Ahead of regulatory clearance, Endra has been hitting the medical conference circuit to generate physician interest with one of its latest stops at the recent American Association for the Study of Liver Diseases (AASLD) meeting. It aims to appeal first to radiologists, as well as gastroenterologists, hepatologists, endocrinologists, as well as internal medicine specialists and even primary care doctors. Awareness of NAFLD/NASH is increasing in lock-step with its increased prevalence, as well as the emerging potential to treat it.

Endra has a partnership with GE that dates to 2016, but that is slated to end in January. The company sees its technology as a good fit for a partnership, since ultrasound innovation has traditionally been introduced to the market via the large imaging players.

Endra will likely need to do some fundraising to support its ambitious plans; it had only $2.3 million in cash as of Sept. 30 and a third quarter loss of $3.4 million. That could prove challenging, since it is the rare, pre-revenue public med tech. It conducted an IPO in June 2017 to raise $8.4 million at a valuation of $16.8 million, but since the IPO, its shares have trailed downward to a price of about $1 vs. $5 at IPO. That gives it a current market cap of only about $7.5 million.

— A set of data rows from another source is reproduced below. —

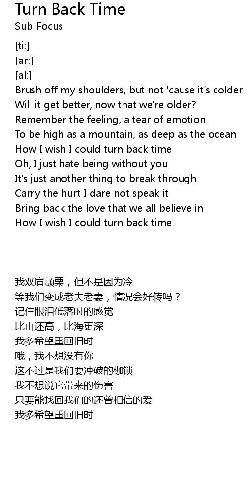 How I wish I could turn back time |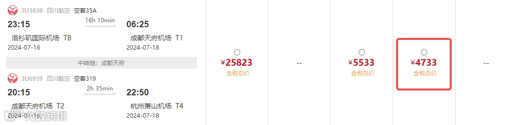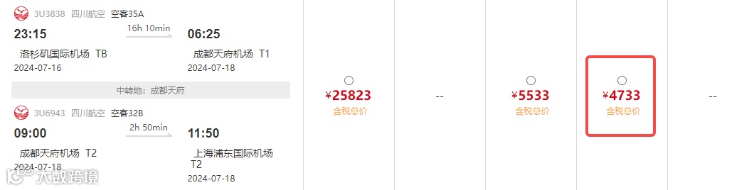 四川航空也推出暑期特价组合航线,适用于从洛杉矶飞往成都后中转至国内多个城市,如西安、昆明、北京、上海、杭州等。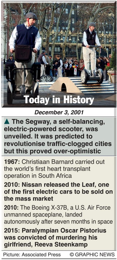 December 3, 2001: The Segway, a self-balancing, electric-powered scooter, was unveiled. It was predicted to revolutionise traffic-clogged cities, but this proved over-optimistic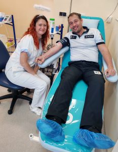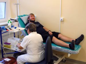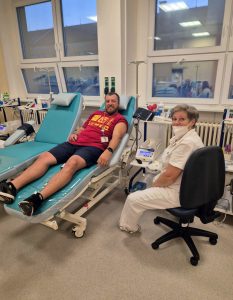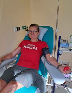 Pravidelně k nám chodí darovat skupina dárců z jihlavského Sokola. Dokonce si kvůli darování pořídili i tematická trika. Děkujeme 😊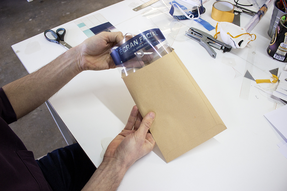 À destination des professionnels de santé et plus largement des professionnels en contact répété avec le public, cet écran facial est composé de matériaux accessibles et se fabrique en 3 minutes.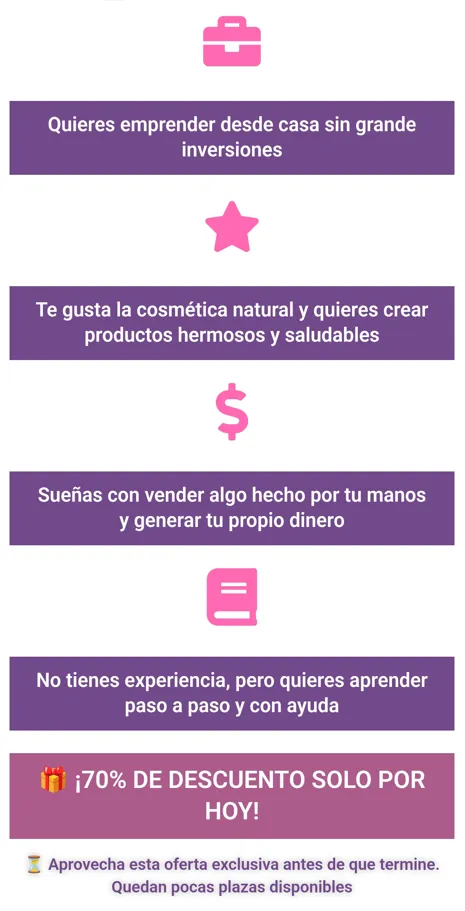 Con nuestro E-book + 30 clases en video aprenderás paso a paso a crear mantequillas corporales en tendencia y comenzar a generar ingresos desde casa en un menos de una semana, sin experiencia ni grandes inversiones.

“It was perhaps a little unorthodox that we went public as such an early stage company, but I think we were fortunate to meet the criteria and get the investment interest to do a straight IPO on the Nasdaq,” said Michelon. “It is on the challenging side for a small company. Being publicly traded on the Nasdaq is a pretty heavy burden in terms of legal and auditing costs and all the work and time and bandwidth that we have to devote to meeting the rigors of being listed on the Nasdaq.”

“Our long-term holders have benefited us, so I would say, without speaking to you know any plans to raise capital, when we want to raise capital – it's a fairly liquid currency for us to be listed that way,” he added. “So, as we get bigger, as we come into revenue next year, I think it'll be particularly attractive and less burdensome relative to where we are now.”